- PROBLEM REQUIREMENTS -
Transcribe the data exactly, stopping after the "DEBUSSY (Claude) Lettre" line.

- GIVEN DATA -
"""

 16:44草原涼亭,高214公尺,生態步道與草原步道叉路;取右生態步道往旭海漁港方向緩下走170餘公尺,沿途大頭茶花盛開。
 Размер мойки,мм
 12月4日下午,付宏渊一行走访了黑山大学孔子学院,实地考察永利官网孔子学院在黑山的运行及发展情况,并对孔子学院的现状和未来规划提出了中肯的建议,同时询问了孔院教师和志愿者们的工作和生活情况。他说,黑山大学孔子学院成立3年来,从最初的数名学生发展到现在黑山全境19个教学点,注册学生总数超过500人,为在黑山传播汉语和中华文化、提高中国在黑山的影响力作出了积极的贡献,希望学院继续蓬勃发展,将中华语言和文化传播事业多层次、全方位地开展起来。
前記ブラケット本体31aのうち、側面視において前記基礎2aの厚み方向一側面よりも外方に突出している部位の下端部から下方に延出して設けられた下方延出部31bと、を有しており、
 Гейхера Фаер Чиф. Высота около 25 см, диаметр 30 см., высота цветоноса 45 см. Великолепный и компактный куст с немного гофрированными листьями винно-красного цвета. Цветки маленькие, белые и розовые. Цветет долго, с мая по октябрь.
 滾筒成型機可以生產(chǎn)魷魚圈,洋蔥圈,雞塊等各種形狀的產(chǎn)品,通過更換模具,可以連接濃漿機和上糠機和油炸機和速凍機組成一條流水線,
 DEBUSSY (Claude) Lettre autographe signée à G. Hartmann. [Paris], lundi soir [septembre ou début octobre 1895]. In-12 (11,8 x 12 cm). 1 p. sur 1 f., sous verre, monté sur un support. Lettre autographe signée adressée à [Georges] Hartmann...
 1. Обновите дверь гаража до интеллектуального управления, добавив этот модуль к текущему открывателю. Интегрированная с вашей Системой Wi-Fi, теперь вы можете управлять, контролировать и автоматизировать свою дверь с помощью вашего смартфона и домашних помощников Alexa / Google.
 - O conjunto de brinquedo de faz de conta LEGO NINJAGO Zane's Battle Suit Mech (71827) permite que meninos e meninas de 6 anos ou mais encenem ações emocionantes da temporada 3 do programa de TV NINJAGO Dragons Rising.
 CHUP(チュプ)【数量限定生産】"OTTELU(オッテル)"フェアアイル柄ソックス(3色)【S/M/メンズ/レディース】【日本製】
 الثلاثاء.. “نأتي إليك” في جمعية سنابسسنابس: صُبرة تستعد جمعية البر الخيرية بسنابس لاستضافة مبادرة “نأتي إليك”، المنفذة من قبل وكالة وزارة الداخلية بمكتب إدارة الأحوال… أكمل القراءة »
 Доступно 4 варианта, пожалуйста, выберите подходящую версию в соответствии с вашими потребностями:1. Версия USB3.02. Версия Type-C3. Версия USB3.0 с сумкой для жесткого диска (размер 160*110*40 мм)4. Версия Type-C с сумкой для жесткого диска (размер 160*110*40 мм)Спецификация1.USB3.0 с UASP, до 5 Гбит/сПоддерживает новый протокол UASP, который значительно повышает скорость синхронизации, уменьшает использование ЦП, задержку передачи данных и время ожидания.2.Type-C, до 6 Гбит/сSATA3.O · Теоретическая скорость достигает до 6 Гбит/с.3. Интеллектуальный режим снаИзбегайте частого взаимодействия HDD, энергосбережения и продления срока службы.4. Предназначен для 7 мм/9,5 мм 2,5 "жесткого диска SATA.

"""

- FINISHED TASK -
 16:44草原涼亭,高214公尺,生態步道與草原步道叉路;取右生態步道往旭海漁港方向緩下走170餘公尺,沿途大頭茶花盛開。
 Размер мойки,мм
 12月4日下午,付宏渊一行走访了黑山大学孔子学院,实地考察永利官网孔子学院在黑山的运行及发展情况,并对孔子学院的现状和未来规划提出了中肯的建议,同时询问了孔院教师和志愿者们的工作和生活情况。他说,黑山大学孔子学院成立3年来,从最初的数名学生发展到现在黑山全境19个教学点,注册学生总数超过500人,为在黑山传播汉语和中华文化、提高中国在黑山的影响力作出了积极的贡献,希望学院继续蓬勃发展,将中华语言和文化传播事业多层次、全方位地开展起来。
前記ブラケット本体31aのうち、側面視において前記基礎2aの厚み方向一側面よりも外方に突出している部位の下端部から下方に延出して設けられた下方延出部31bと、を有しており、
 Гейхера Фаер Чиф. Высота около 25 см, диаметр 30 см., высота цветоноса 45 см. Великолепный и компактный куст с немного гофрированными листьями винно-красного цвета. Цветки маленькие, белые и розовые. Цветет долго, с мая по октябрь.
 滾筒成型機可以生產(chǎn)魷魚圈,洋蔥圈,雞塊等各種形狀的產(chǎn)品,通過更換模具,可以連接濃漿機和上糠機和油炸機和速凍機組成一條流水線,
 DEBUSSY (Claude) Lettre autographe signée à G. Hartmann. [Paris], lundi soir [septembre ou début octobre 1895]. In-12 (11,8 x 12 cm). 1 p. sur 1 f., sous verre, monté sur un support. Lettre autographe signée adressée à [Georges] Hartmann...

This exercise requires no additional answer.